Perspective. I need to get perspective. It's not an earthquake or a crazed gunman or a nuclear meltdown, is it? On the scale of disasters, this is not huge. _Not _huge. One day I expect I'll look back at this moment and laugh and think, _Haha, how silly I was to worry—_

Stop, Lucy. Don't even try. I'm not laughing—in fact, I feel sick. I'm walking blindly around the hotel ballroom, my heart thudding, looking fruitlessly on the patterned blue carpet, behind gilt chairs, under discarded paper napkins, in places where it couldn't possibly be.

I've lost it. The only thing in the world I wasn't supposed to lose. **My engagement ring**.

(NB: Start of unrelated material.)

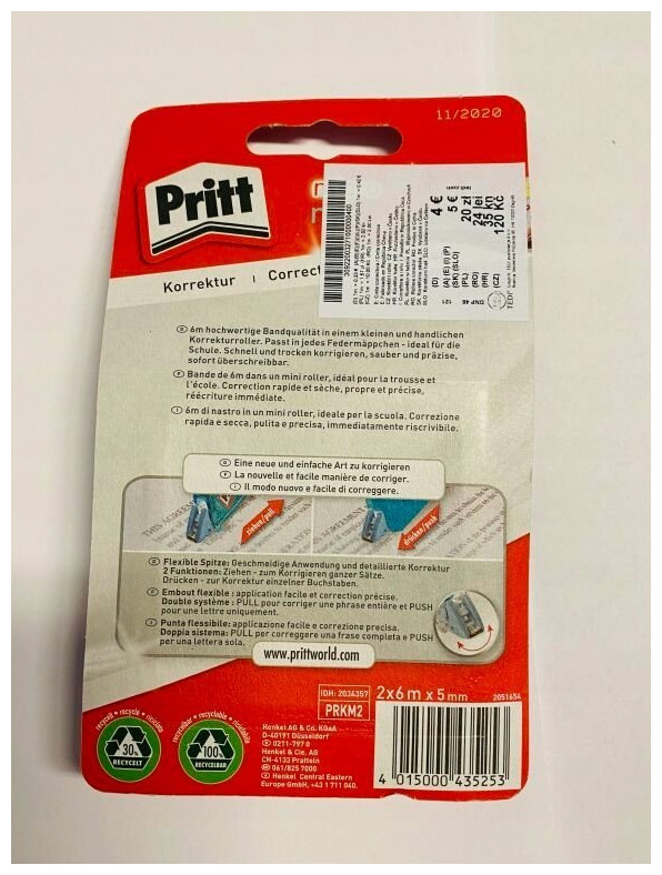 Pritt Pritt Διορθωτική Ταινία Micro, Πλάτος 5 mm, Μήκος 6 m, 2 Τεμάχια
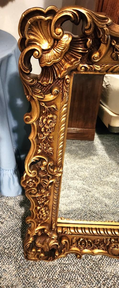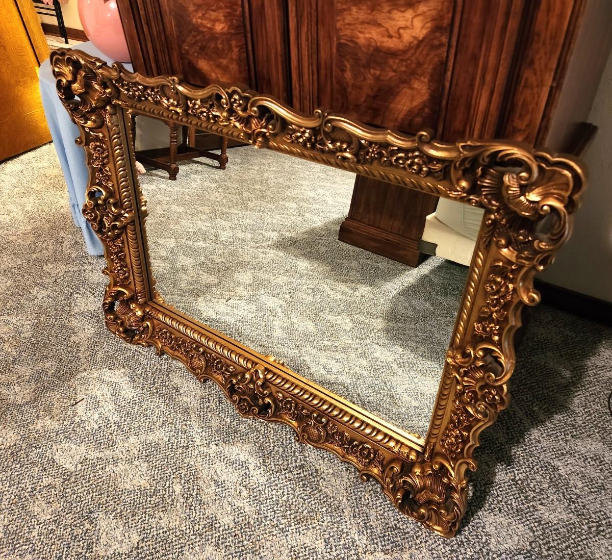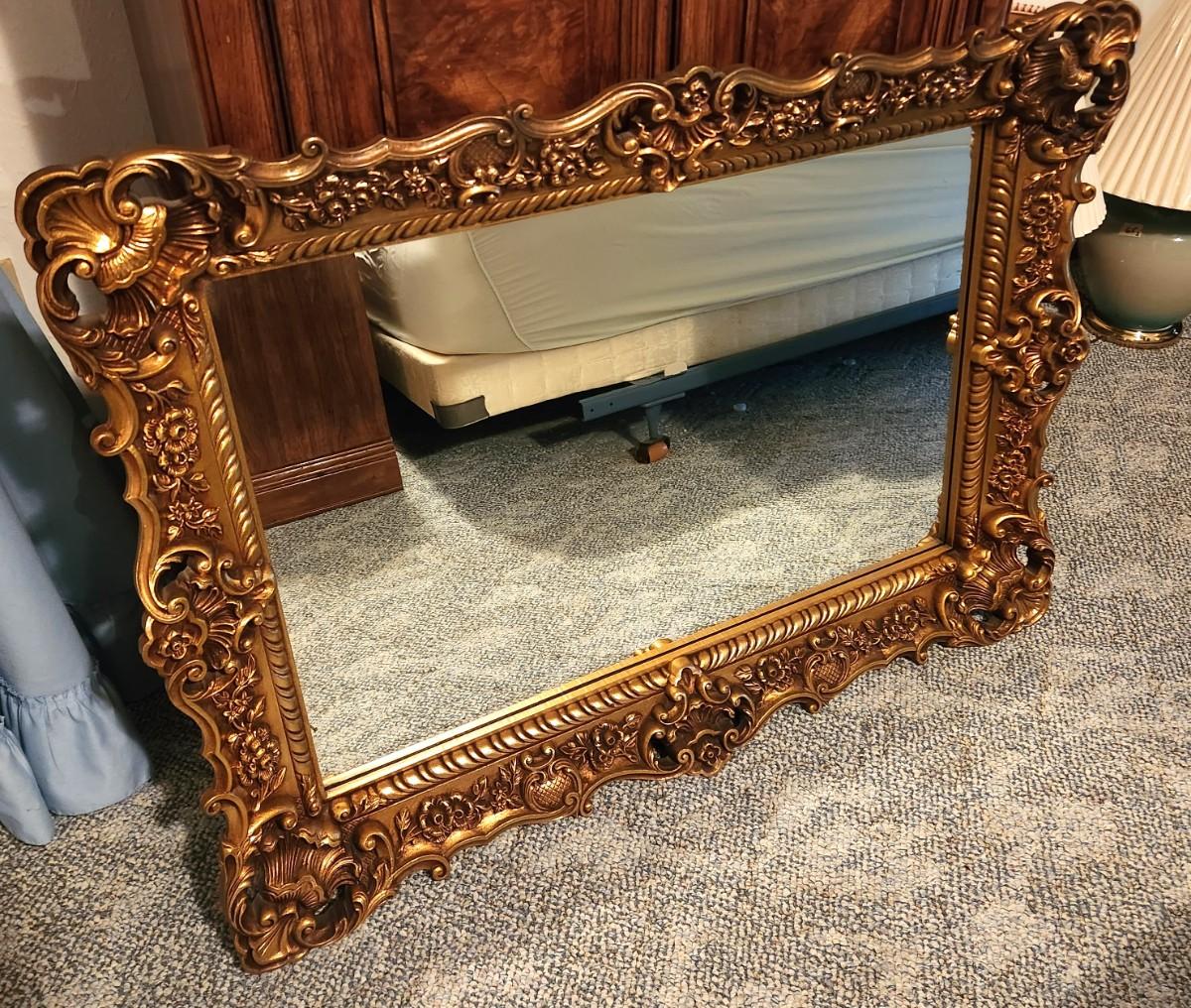 Heavy vintage wall mirror with a secret - frame is plastic ! -5" border! 32" tall, 44" across - looks good.

To say this is a special ring is an understatement. It's been in Natsu's family for three generations. It's this stunning emerald with two diamonds, and Natsu had to get it out of a special bank vault before he proposed. I've worn it safely every day for three whole months, religiously putting it on a special china tray at night, feeling for it on my finger every thirty seconds...and now, the very day his parents are coming back from the States, I've lost it. The very same _day_.

Professor Igneel Dragneel and Grandinee Marvell-Dragneel are, at the precise moment, flying back from six months' sabbatical in Chicago. I can picture them now, eating honey-roasted peanuts and reading academic papers on their his'n'hers Kindles. I honestly don't know which of them is more intimidating.

Him. He's so sarcastic.

No, her. With all that frizzy hair and always asking you questions about your views on feminism.

Okay, they're both bloody scary. And they're landing in about an hour, and of course they'll want to see the ring—

No. Do not hyperventilate, Lucy. Stay positive. I just need to look at this from a different angle. Like...what would Poirot do? Poirot wouldn't flap around in panic. He'd stay calm and use his little gray cells and recall some tiny, vital detail which would be the clue to everything.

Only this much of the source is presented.